Chargaff's rules

Chargaff's rules

Chargaff's rules state that DNA from any cell of all organisms should have a 1:1 ratio (base Pair Rule)of pyrimidine and purine bases and, more specifically, that the amount of guanine is equal to cytosine and the amount of adenine is equal to thymine. This pattern is found in both strands of the DNA. They were discovered by Austrian chemist Erwin Chargaff.[1][2][3][4][5][6]

Contents

Chargaff Parity Rule 1

The first rule holds that a double-stranded DNA molecule globally has percentage base pair equality: %A = %T and %G = %C.[6] The rigorous validation of the rule constitutes the basis of Watson-Crick pairs in the DNA double helix.

Chargaff Parity Rule 2

The second rule holds that both %A ~ %T and %G ~ %C are valid for each of the two DNA strands.[7] This describes only a global feature of the base composition in a single DNA strand.[8]

Research

The second of Chargaff's rules (or "Chargaff's second parity rule") is that the composition of DNA varies from one species to another; in particular in the relative amounts of A, G, T, and C bases.
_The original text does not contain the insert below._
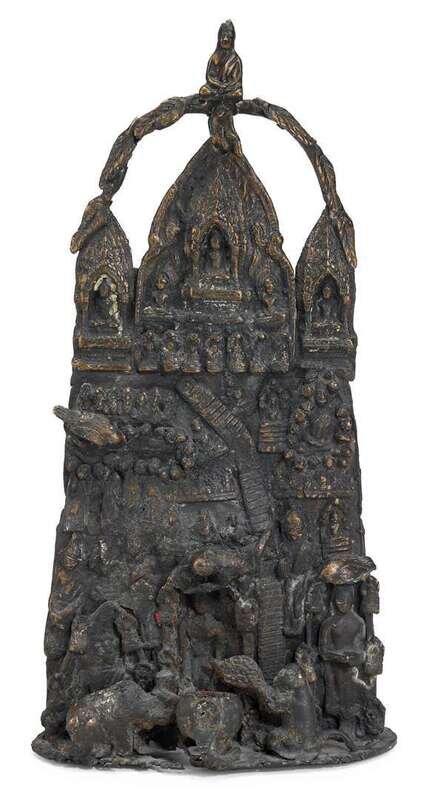 Brown patina, surmounted by seated bodhisattva, over a profusion of celestial and animal figures centered by a serpent supported bowl.
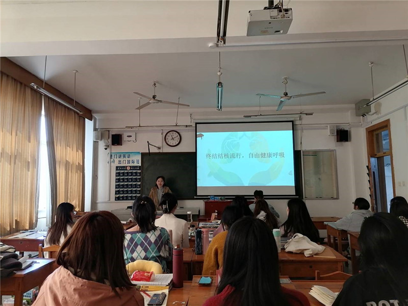 首先,主持人播放了一个关于结核病的短视频,引出了本次活动的主题,加深了同学们对结核病的认识和了解;随后,主持人针对病症发生的原因、易感人群、预防措施等进行了详细讲解。现场气氛活跃,同学们积极互动,热烈讨论;最后,主持人对本次活动进行了总结,并让大家平时在宿舍、教室、图书馆等场所时,要经常开窗通风,保持空气通畅。另外,要少去学校外面人员相对聚集的地方。

Such evidence of molecular diversity, which had been presumed absent from DNA, made DNA a more credible candidate for the genetic material than protein.

In 2006, it was shown that this rule applies to four of the five types of double stranded genomes; specifically it applies to the eukaryotic chromosomes, the bacterial chromosomes, the double stranded DNA viral genomes, and the archeal chromosomes.[9] It does not apply to the organellar genomes (mitochondria and plastids) (actually it applies to many plastid and organellar genomes that are longer than ~20-30 kbp) nor does it apply to the single stranded DNA (viral) genomes or any type of RNA genome (probably, because all such genomes are very small). The basis for this rule is still under investigation.

The rule itself has consequences. In most bacterial genomes (which are generally 80-90% coding) genes are arranged in such a fashion that approximately 50% of the coding sequence lies on either strand. Wacław Szybalski, in the 1960s, showed that in bacteriophage coding sequences purines (A and G) exceed pyrimidines (C and T).[10] This rule has since been confirmed in other organisms and should probably be now termed "Szybalski's rule". While Szybalski's rule generally holds, exceptions are known to exist.[11][12][13] The biological basis for Szybalski's rule, like Chargaff's, is not yet known.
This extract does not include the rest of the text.